Admission Nurse

  1. The hospital where I am currently working has posted positions for "admission nurse" . Haven't read the job description yet but understand the admission nurse will complete the admissions process on patients being admitted from the ER, PACU, DPC, and direct scheduled admits.
    Was wondering if anyone is or has worked in such a position or works where admissions nurses are used and what their experiences has been. I'm thinking of bidding on one of the positions. Any feedback will be helpful.

    Thank You!
    •  
  2. 8 Comments

  3. by   Chaya
    Our admission nurses are mostly staffed on eves when we get most of the admissions (as a rehab facility we have a heads-up on most of the patients coming in). They receive a list of admissions when they come on, and float floor to floor, doing as many as possible. They usually handle about 6-8 per shift, depending on the complexity/ acuity. They keep in close touch with the nursing supervisor to be informed of which admissions have arrived and which floors are most in need of their services due to number of admission vs. staffing levels. The unit nurses still have to admit patients but this keeps the work flow a whole lot more consistent for us. Ideally, we get the pt settled and get vitals, O2, etc. going and can work on getting their meds signed and up from pharmacy. Meanwhile the admission nurse is doing the more thorough assessment and most of the paperwork, which is the real time-killer. Then they give a short report to the nurse who will have care of the new admit for the shift. It's usually pretty fast-paced and they're all over the hospital. Good luck whatever you decide.
  4. by   Agnus
    As charge of my old facility I took all admits.
    Where I work now we have an admission center. They do all the paperwork the assessment, and take off orders and as much as possible do everything related to admitting.

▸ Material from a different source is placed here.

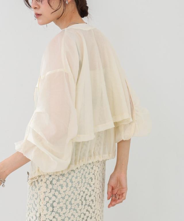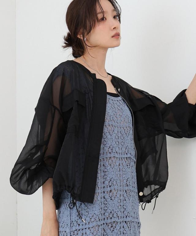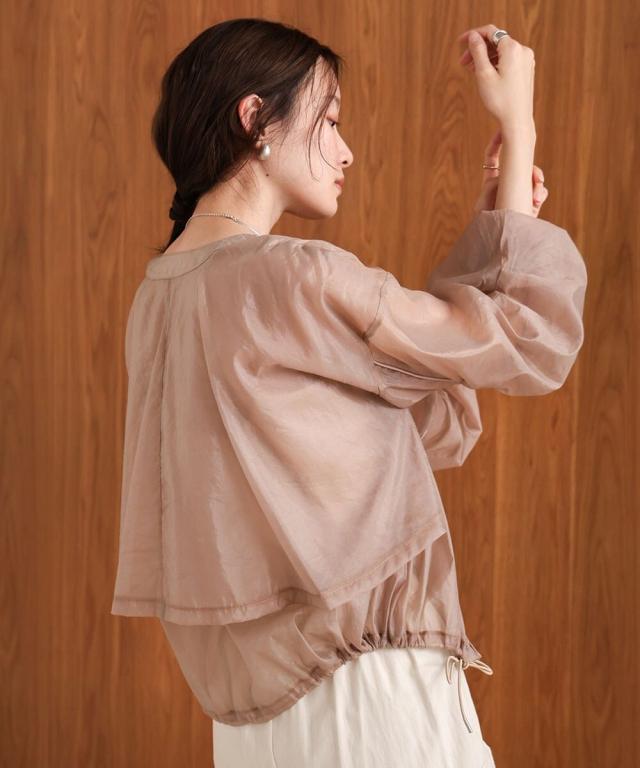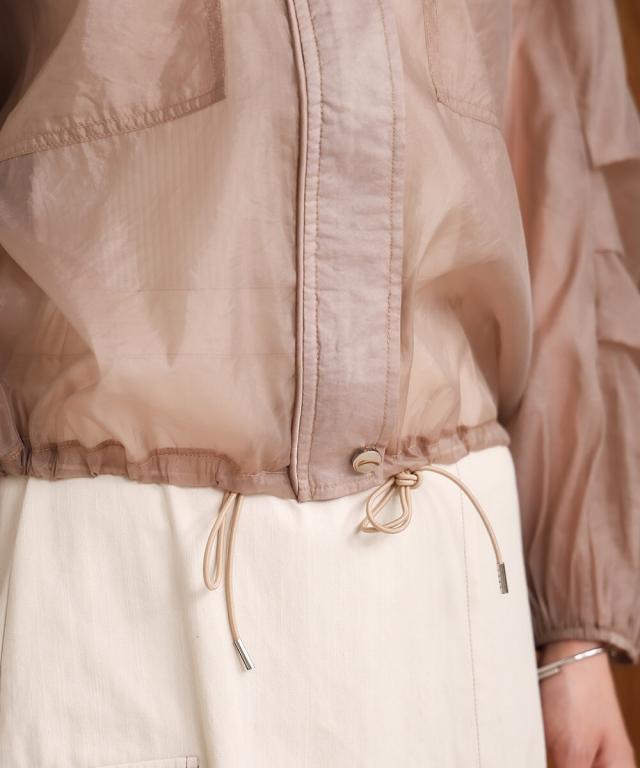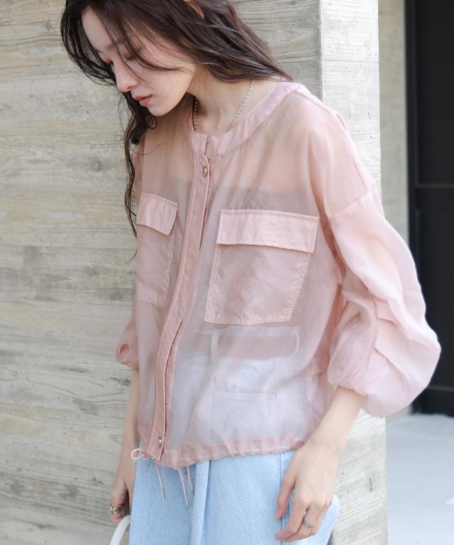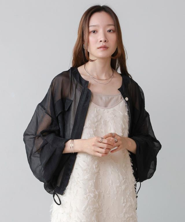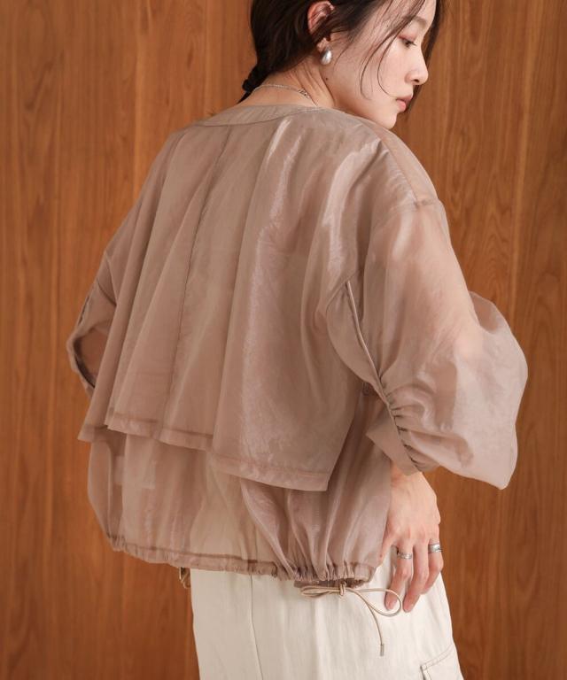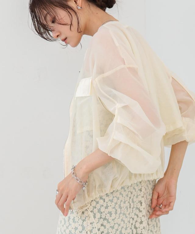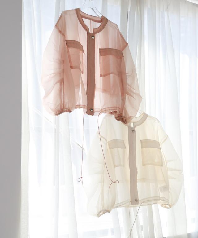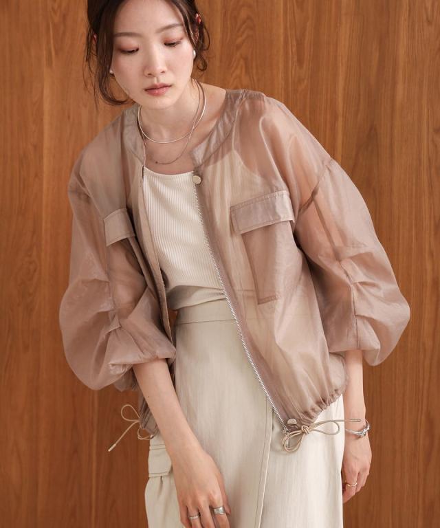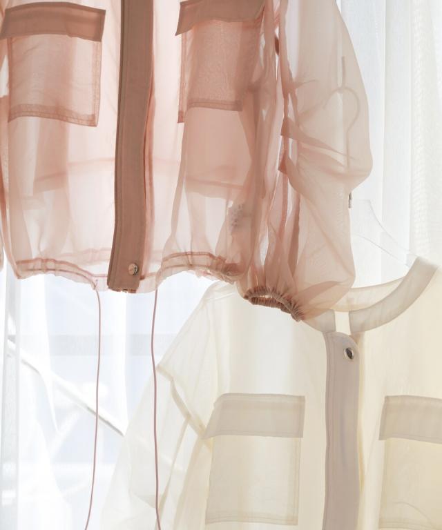 1枚羽織るだけでこなれ感を演出するシアーブルゾンの登場です。透明感のある綺麗なペールトーンの3色展開でシーズンムードが高まります。裾にぐるっと入った丸ゴムは好きな位置で結んで絞り具合を変えて頂ける仕様。袖口を捲り上げて手首を見せれば一気に抜け感のあるスタイルになります。ふらしのバックディティールで360度どこから見ても抜かりないデザインも好印象です。さり気ないパイピングもアクセントになり、ふわっとエアリー感のある生地が初夏までしっかりと活躍してくれるアイテムです。

    For example I got an admit last night 15 minutes before change of shift report started. The Pt, came to me and everything was done. She arrived on my floor with IV fluid going and a piggyback of an abx that was just finishing up. She needed I unit PRBCs which was already being processed in the blood bank.

    The only down side to this was I had to order an IV pole because the pump she arrived on was attached to a pole fixed to a gerney.

    Now here's the best part. They were serving dinner and we got her into bed and there was a tray already for her which someone immediately carried in.

    Now imagine how appreciated by nurses you will be in your new position.

    Oh yea! I forgot to mention she had 3 very full pages of orders, all processed, transcribed and noted.
  5. by   askater11
    I work contigent as a ICU/telemtry R.N. 12 hours shifts. I also work as an admission nurse 1-2 days a week. (4 hour shifts)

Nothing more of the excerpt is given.